Part 5: Constructing a 99% Confidence Interval for $p_1 - p_2$

We are asked to construct a 99% confidence interval for the difference between the proportions of successful challenges by men ($p_1$) and women ($p_2$).

Step 1: Define Proportions and Samples

Let:

• $p_1$ = proportion of successful challenges by men
• $p_2$ = proportion of successful challenges by women

Given data### Part 5: Constructing a 99% Confidence Interval for $p_1 - p_2$

We are asked to construct a 99% confidence interval for the difference between the proportions of successful challenges by men ($p_1$) and women ($p_2$).

Step 1: Define Proportions and Samples

Let:

• $p_1$ = proportion of successful challenges by men
• $p_2$ = proportion of successful challenges by women

Given

• Men: $n_1 = 1386$, successful challenges $x_1 = 426$
• Women: $n_2 = 754$, successful challenges $x_2 = 227$

Step 2: Calculate Sample Proportions

$\hat{p}_1 = \frac{x_1}{n_1} = \frac{426}{1386} \approx 0.3073$ $\hat{p}_2 = \frac{x_2}{n_2} = \frac{227}{754} \approx 0.3013$

Step 3: Calculate the Standard Error

The standard error for the difference of proportions ($p_1 - p_2$) is calculated as: $SE = \sqrt{\frac{\hat{p}_1(1 - \hat{p}_1)}{n_1} + \frac{\hat{p}_2(1 - \hat{p}_2)}{n_2}}$

Substitute the values: $SE = \sqrt{\frac{0.3073 \times (1 - 0.3073)}{1386} + \frac{0.3013 \times (1 - 0.3013)}{754}}$

Calculating each part: $SE \approx \sqrt{\frac{0.3073 \times 0.6927}{1386} + \frac{0.3013 \times 0.6987}{754}}$ $SE \approx \sqrt{\frac{0.2127}{1386} + \frac{0.2105}{754}}$ $SE \approx \sqrt{0.0001535 + 0.0002792}$ $SE \approx \sqrt{0.0004327}$ $SE \approx 0.0208$

Step 4: Find the Critical Value

For a 99% confidence level, the critical z-value is approximately 2.576.
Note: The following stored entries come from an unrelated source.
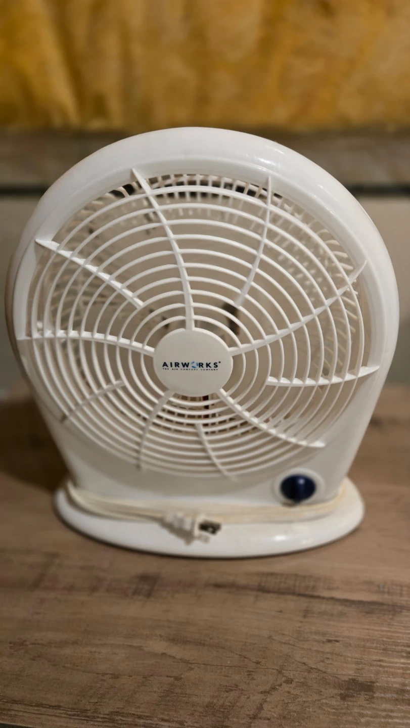 This is an Airworks white electric fan. It's a compact unit that provides airflow. It has a simple on/off button and a power cord.
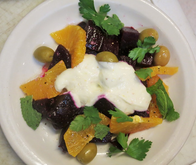 Moroccan-style beet salad with orange slices, picholine olives, parsley, mint, cilantro, olive oil, red wine vinegar and citrus-fennel pollen yogurt
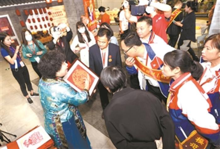 9月23日,剪纸艺术家石俊凤在北京长安商场内向大家展示剪纸作品。当日,石俊凤等非遗艺术家,与长安社区居民和青年学生一起,分享艺术的精妙,同时推介劳模创新成果,弘扬劳模精神和工匠精神。

Step 5: Construct the Confidence Interval

The confidence interval for $p_1 - p_2$ is: $(\hat{p}_1 - \hat{p}_2) \pm z \times SE$ $= (0.3073 - 0.3013) \pm 2.576 \times 0.0208$ $= 0.0060 \pm 0.0536$

Step 6: Calculate the Interval

$0.0060 - 0.0536 < p_1 - p_2 < 0.0060 + 0.0536$ $-0.0476 < p_1 - p_2 < 0.0596$

Conclusion for Part 5

The 99% confidence interval for $p_1 - p_2$ is: $-0.048 < p_1 - p_2 < 0.060$

Since this interval includes zero, it supports the conclusion from the hypothesis test that there is no significant difference in the success rates of challenges by men and women.
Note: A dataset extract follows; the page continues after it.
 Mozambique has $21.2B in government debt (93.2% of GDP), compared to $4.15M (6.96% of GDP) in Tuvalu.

Would you like additional clarification on any part of this solution?

Follow-up Questions

1. What does it mean for an interval to contain zero in hypothesis testing?
2. How does the confidence interval support the hypothesis test's outcome?
3. Why is a 99% confidence interval wider than a 95% interval?
4. How would changing the significance level to 0.05 affect the test?
5. Can you explain why the critical z-value is 2.576 for a 99% confidence level?

Tip

In hypothesis testing, always ensure your test statistic and confidence interval calculations match the required significance level to accurately interpret results.